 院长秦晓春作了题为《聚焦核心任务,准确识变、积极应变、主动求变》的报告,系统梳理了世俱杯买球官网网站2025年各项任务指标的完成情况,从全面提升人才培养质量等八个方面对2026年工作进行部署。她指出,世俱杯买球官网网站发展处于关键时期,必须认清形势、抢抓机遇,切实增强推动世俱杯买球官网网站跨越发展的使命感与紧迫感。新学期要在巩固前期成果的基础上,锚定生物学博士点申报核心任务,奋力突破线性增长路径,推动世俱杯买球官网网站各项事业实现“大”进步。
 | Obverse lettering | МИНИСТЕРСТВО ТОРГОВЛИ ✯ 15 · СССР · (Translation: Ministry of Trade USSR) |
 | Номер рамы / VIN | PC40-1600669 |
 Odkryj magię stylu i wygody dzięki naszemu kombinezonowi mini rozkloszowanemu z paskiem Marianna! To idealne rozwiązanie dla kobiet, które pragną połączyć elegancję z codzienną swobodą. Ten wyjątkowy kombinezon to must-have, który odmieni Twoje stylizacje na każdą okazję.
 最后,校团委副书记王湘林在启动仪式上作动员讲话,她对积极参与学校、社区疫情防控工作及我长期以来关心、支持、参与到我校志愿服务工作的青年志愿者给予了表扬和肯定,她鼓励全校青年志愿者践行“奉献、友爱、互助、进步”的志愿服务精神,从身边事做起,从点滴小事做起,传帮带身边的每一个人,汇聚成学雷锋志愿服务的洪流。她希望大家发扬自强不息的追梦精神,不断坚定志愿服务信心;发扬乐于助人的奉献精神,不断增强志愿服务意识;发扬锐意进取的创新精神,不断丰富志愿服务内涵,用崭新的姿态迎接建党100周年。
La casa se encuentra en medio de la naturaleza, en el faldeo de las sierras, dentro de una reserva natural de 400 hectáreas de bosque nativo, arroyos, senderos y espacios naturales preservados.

Required action:
Please reproduce the material above exactly, line by line.

Output of the exercise:
 院长秦晓春作了题为《聚焦核心任务,准确识变、积极应变、主动求变》的报告,系统梳理了世俱杯买球官网网站2025年各项任务指标的完成情况,从全面提升人才培养质量等八个方面对2026年工作进行部署。她指出,世俱杯买球官网网站发展处于关键时期,必须认清形势、抢抓机遇,切实增强推动世俱杯买球官网网站跨越发展的使命感与紧迫感。新学期要在巩固前期成果的基础上,锚定生物学博士点申报核心任务,奋力突破线性增长路径,推动世俱杯买球官网网站各项事业实现“大”进步。
 | Obverse lettering | МИНИСТЕРСТВО ТОРГОВЛИ ✯ 15 · СССР · (Translation: Ministry of Trade USSR) |
 | Номер рамы / VIN | PC40-1600669 |
 Odkryj magię stylu i wygody dzięki naszemu kombinezonowi mini rozkloszowanemu z paskiem Marianna! To idealne rozwiązanie dla kobiet, które pragną połączyć elegancję z codzienną swobodą. Ten wyjątkowy kombinezon to must-have, który odmieni Twoje stylizacje na każdą okazję.
 最后,校团委副书记王湘林在启动仪式上作动员讲话,她对积极参与学校、社区疫情防控工作及我长期以来关心、支持、参与到我校志愿服务工作的青年志愿者给予了表扬和肯定,她鼓励全校青年志愿者践行“奉献、友爱、互助、进步”的志愿服务精神,从身边事做起,从点滴小事做起,传帮带身边的每一个人,汇聚成学雷锋志愿服务的洪流。她希望大家发扬自强不息的追梦精神,不断坚定志愿服务信心;发扬乐于助人的奉献精神,不断增强志愿服务意识;发扬锐意进取的创新精神,不断丰富志愿服务内涵,用崭新的姿态迎接建党100周年。
La casa se encuentra en medio de la naturaleza, en el faldeo de las sierras, dentro de una reserva natural de 400 hectáreas de bosque nativo, arroyos, senderos y espacios naturales preservados.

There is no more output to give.